Declaring a pipeline#
Just like any other component in Lumen Pipeline
components can be built using a declarative specification. Let us for example build a Pipeline
that starts with a FileSource
and applies a number of filters and transforms.
from lumen.pipeline import Pipeline
data_url = 'https://datasets.holoviz.org/penguins/v1/penguins.csv'
pipeline = Pipeline.from_spec({
'source': {
'type': 'file',
'tables': {
'penguins': data_url
}
},
'filters': [
{'type': 'widget', 'field': 'species'},
{'type': 'widget', 'field': 'island'},
{'type': 'widget', 'field': 'sex'},
{'type': 'widget', 'field': 'year'}
],
'transforms': [
{'type': 'aggregate', 'method': 'mean', 'by': ['species', 'sex', 'year']}
]
})
Once declared we can inspect the current data
easily:
pipeline.data
Note that a Pipeline
updates dynamically if any Source
, Filter
or Transform
is changed or updated. In the pipeline above we declared ‘widget’ filters which we can render by accessing the control_panel
property. To view the dynamically updating data can instantiate a lumen.views.Table
component. In a live notebook we will now get an interactive application letting us dynamically filter the data and view the result.

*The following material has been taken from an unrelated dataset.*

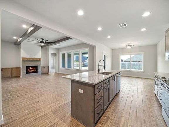 Beautiful newer construction home in Chisholm Ranch within the Bixby School District. This open and bright floor plan features hardwood-style tile flooring throughout, large picture windows, and a dedicated office for remote work or study. The kitchen includes quartz countertops, modern cabinetry, and a spacious island that overlooks the living area with a gas fireplace. The primary suite offers a relaxing retreat with a private bath, double vanities, and a walk-in closet. Located close to major dining, shopping, and retail areas.

from lumen.views import Table
pn.Row(pipeline.control_panel, Table(pipeline=pipeline, pagination='remote'))
Note that since a Pipeline
is a Parameterized object we can pass the data
parameter to a Panel component e.g. here we bind the data to a DataFrame
pane:
pn.Row(
pipeline.control_panel,
pn.pane.DataFrame(pipeline.param.data, width=800)
)
Programmatically building pipelines#
A Pipeline
does not have to be built using the declarative specification, instead we can programmatically build the same pipeline:
from lumen.sources import FileSource
source = FileSource(tables={'penguins': data_url})

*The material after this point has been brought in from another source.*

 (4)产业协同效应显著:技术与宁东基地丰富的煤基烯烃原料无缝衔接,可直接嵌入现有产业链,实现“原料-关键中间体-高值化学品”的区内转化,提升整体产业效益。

pipeline = Pipeline(source=source, table='penguins')
pipeline.add_filter('widget', field='species')
pipeline.add_filter('widget', field='island')
pipeline.add_filter('widget', field='sex')

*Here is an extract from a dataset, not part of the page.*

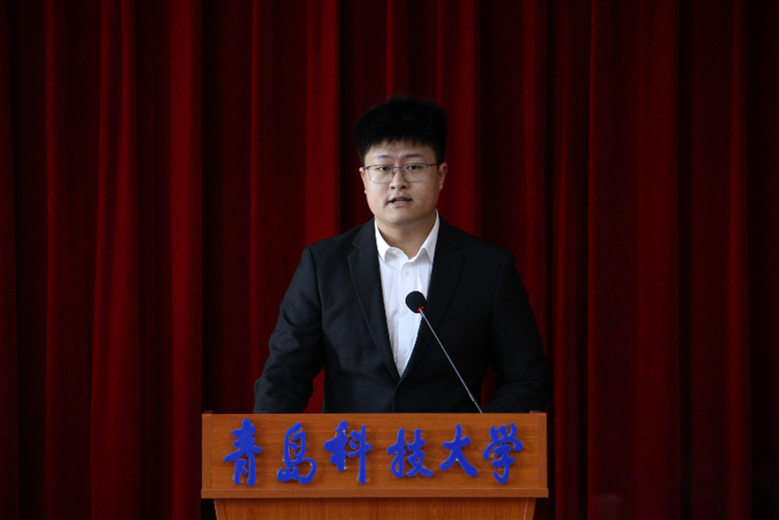校学生会代表吕庆海发言,他指出,信息学院学生委员会一直以来在各项工作及活动中起到积极的引领作用,并致力于做好学生服务工作,不断进取。希望在今后在继承和发扬学生委员会优良传统的同时继往开来,再创佳绩!

pipeline.add_filter('widget', field='year')
pipeline
Automatic filters#
By setting filters='auto'
we can also have Lumen automatically generate filters for all available columns:
Pipeline(source=source, table='penguins', filters='auto')
Chaining pipelines#
In some cases you will want to build branching pipelines, e.g. in an initial stage you filter the data and display it and in another stage you aggregate your data.
from lumen.transforms import Aggregate
agg_pipeline = pipeline.chain(transforms=[Aggregate(method='mean', by=['species', 'year'])])
agg_pipeline.data
By chaining the Pipeline
we can share computations between different stages, i.e. the filtering step still occurs in the first stage.
Building a dashboard#
One of the major benefits of the Pipeline
architecture is that it allows Lumen components to be used outside of the context of a Lumen application. This makes it possible to build custom dashboards while still leveraging the power of all Lumen components. Let us compose a simple dashboard application driven by the pipeline we defined above.
from lumen.views import hvPlotUIView
pn.Row(
pipeline.control_panel.servable(area='sidebar'),
pn.Tabs(
('Plot', hvPlotUIView(pipeline=pipeline, kind='scatter', x='bill_length_mm', y='bill_depth_mm', by='species')),
('Table', Table(pipeline=agg_pipeline))
).servable()
)